The third leg of this love triangle is Chris, a 20 year-old, ironic, self-deprecating history major who’s sure(r) of his sexual preferences—though he hasn’t yet gotten around to telling his friends or family he’s gay. L.A.-based Bryce Gerson is pitch-perfect in the role. He’s boyish and buff, and his insouciance has just the right edge of needling humor.
The way these three play cat-and-mouse, and the way it all ends up, keeps the audience intrigued for 80 minutes—and beyond.
Co-created by New York-based Drew Fornarola and now-Chicagoan Scott Elmegreen, both accomplished writers of plays and musicals, “Straight” was a New York Times Critics’ Pick when it ran Off Broadway in 2016. This is the play’s 16th production; it has already been translated into several languages (Spanish, German, French, Hebrew) for productions abroad. It has also been seen in cities representing the wide-ranging political spectrum in America: from Wesleyan College to Salt Lake City.
In his talkback after a weekend performance, playwright Fornarola said he gave permission for this cast to change a few lines and references, to accommodate the decision to make Ben and Emily black and Chris white.
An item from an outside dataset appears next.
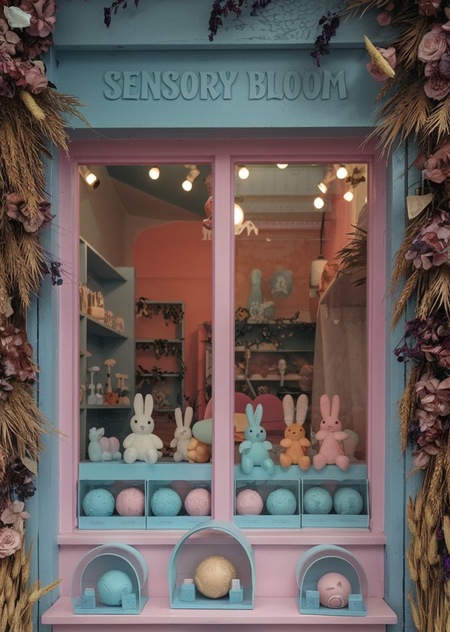 Ideogram.Ai/style: Realistic/ PROMPT: small store of sensory and soft toys in blue and pink colors. The store sells toys in the form of rabbits, aliens, bears. also in the store there are toys in the form of balls with different reliefs. above the store name sign «Sensory Bloom» written in Odin-Bold font. soft subdued lighting. toys in half transparent light blue packages are displayed in the windows. the store is decorated with dried flowers and wheat on the sides of the store. pastel colors.

That adds a frisson of racial politics on top of the gender politics already confronted in the piece, which also begs the larger question: Can anyone find everything they want or need in just one person?
This production makes for an impressive and auspicious beginning for a new theater company (though the no-elevator, 3 flights up at the Tenth Avenue Arts Center may be daunting for some).